====== Given data
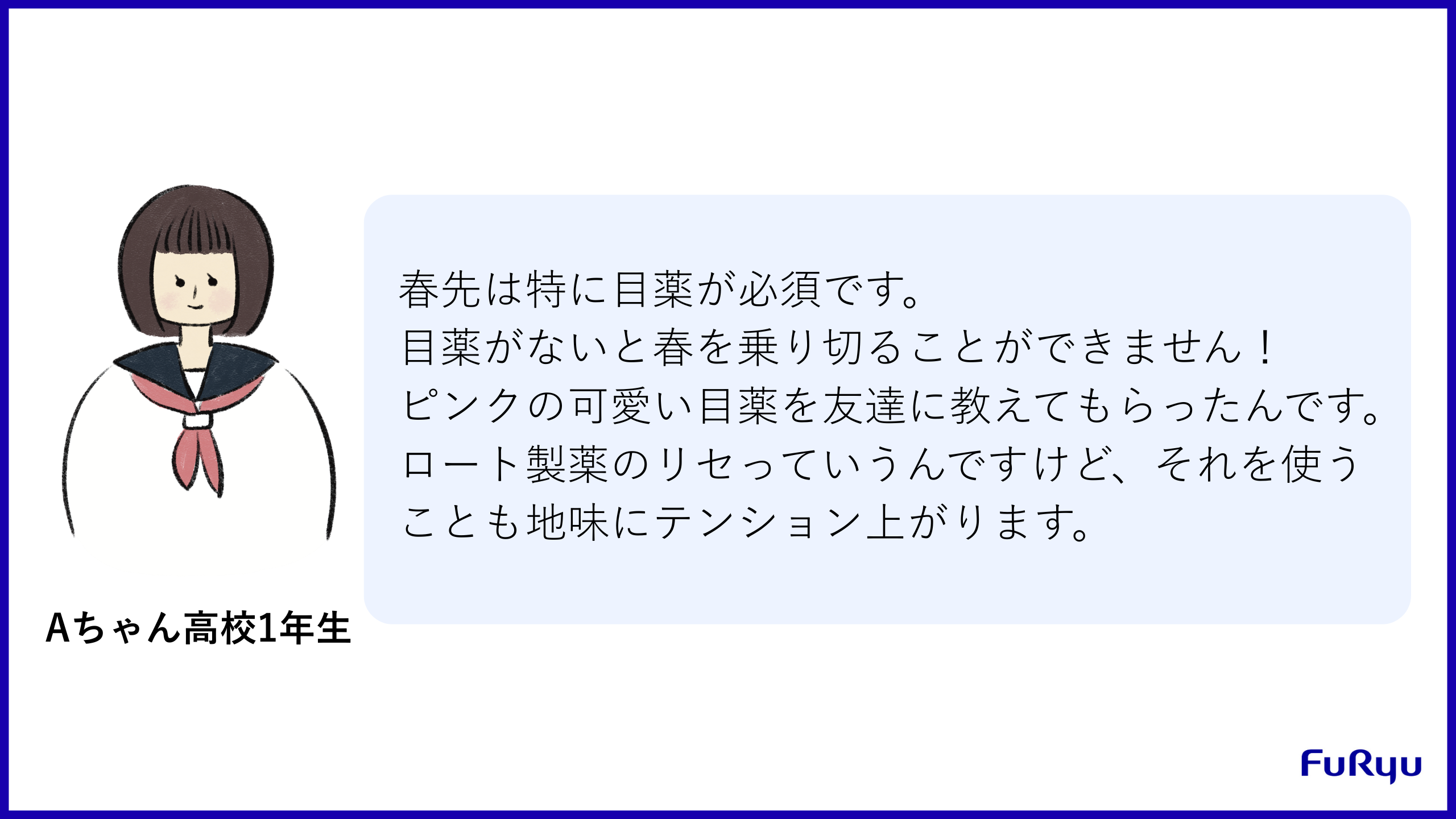 Aちゃんはデザインが可愛い目薬をすることで気分が上がるんだと教えてくれました。確かに、いつも使うものだからこそ、シンプルなものよりも可愛いものを使ってテンションを上げるのは素敵なことだなあと感じます。
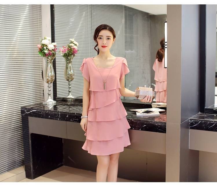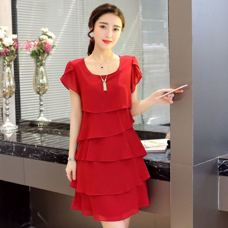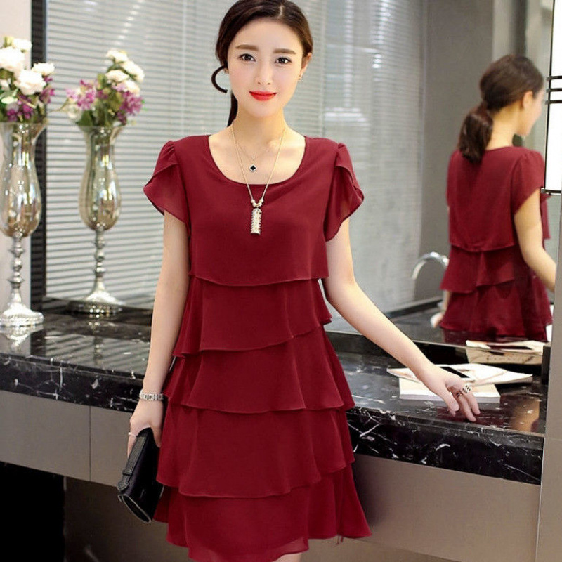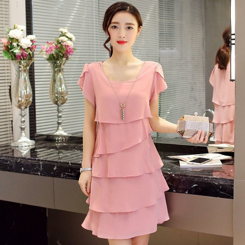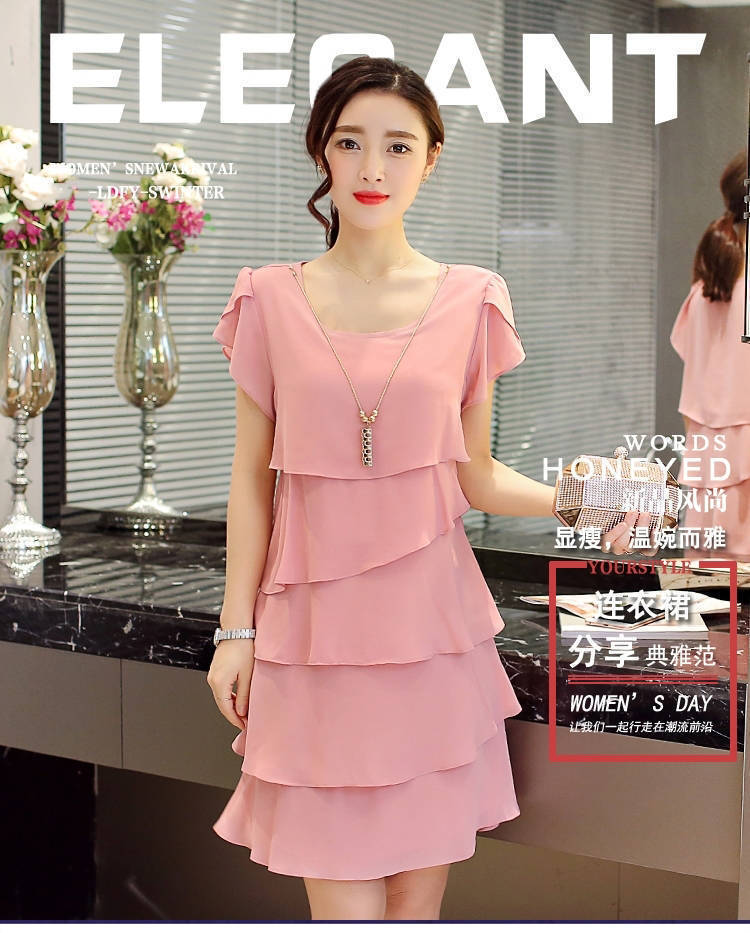 쉬폰 셔츠 원피스 여성의 2025 여름 새로운 여성복 디자인 센스 느슨한 배 커버 우아한 짧은 소매 케이크 스커트스토어 가기
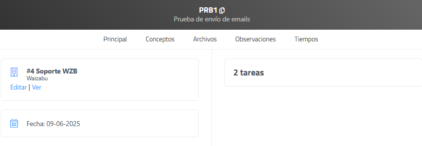 Permite navegar entre secciones (Principal, Conceptos, Archivos, Observaciones, Tiempos). |
============
Exact copy, no pictures: reproduce the whole listing above.

▸ **Your response**:
 Aちゃんはデザインが可愛い目薬をすることで気分が上がるんだと教えてくれました。確かに、いつも使うものだからこそ、シンプルなものよりも可愛いものを使ってテンションを上げるのは素敵なことだなあと感じます。
 쉬폰 셔츠 원피스 여성의 2025 여름 새로운 여성복 디자인 센스 느슨한 배 커버 우아한 짧은 소매 케이크 스커트스토어 가기
 Permite navegar entre secciones (Principal, Conceptos, Archivos, Observaciones, Tiempos). |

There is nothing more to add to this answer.